BEGIN DATA SHOWN
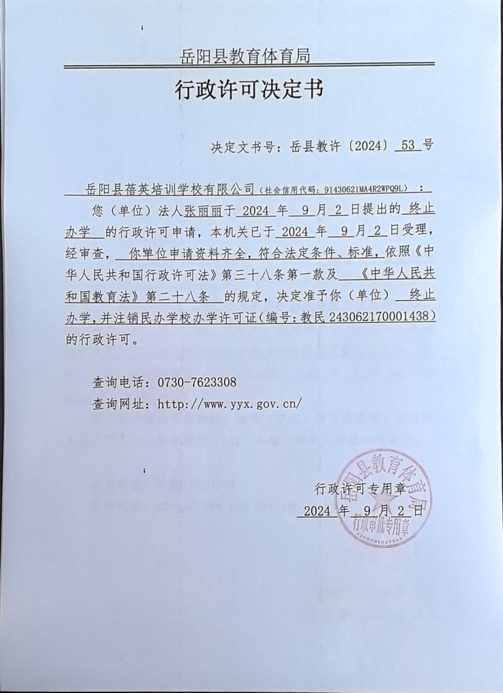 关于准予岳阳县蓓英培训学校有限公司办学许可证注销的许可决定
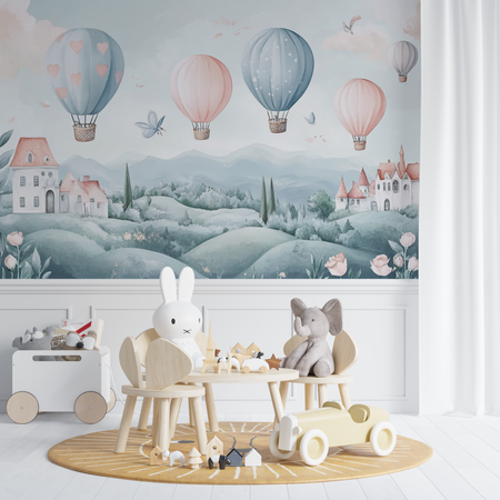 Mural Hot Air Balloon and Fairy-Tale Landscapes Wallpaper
END DATA SHOWN
BEGIN DATA SHOWN
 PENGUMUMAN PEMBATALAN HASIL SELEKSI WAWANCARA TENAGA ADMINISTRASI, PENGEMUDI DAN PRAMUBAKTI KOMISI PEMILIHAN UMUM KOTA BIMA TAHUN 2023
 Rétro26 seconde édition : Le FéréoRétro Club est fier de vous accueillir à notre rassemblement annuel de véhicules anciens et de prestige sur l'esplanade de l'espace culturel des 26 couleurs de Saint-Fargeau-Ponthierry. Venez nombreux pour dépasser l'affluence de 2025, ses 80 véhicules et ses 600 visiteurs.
END DATA SHOWN
WORK REQUIRED — For the data above, set down exactly the lines from the line with "关于准予岳阳县蓓英培训学校有限公司办学许可证注销的许可决定" to the line with "Mural Hot Air", both included, leaving pictures out.

SOLVED PROBLEM —
 关于准予岳阳县蓓英培训学校有限公司办学许可证注销的许可决定
 Mural Hot Air Balloon and Fairy-Tale Landscapes Wallpaper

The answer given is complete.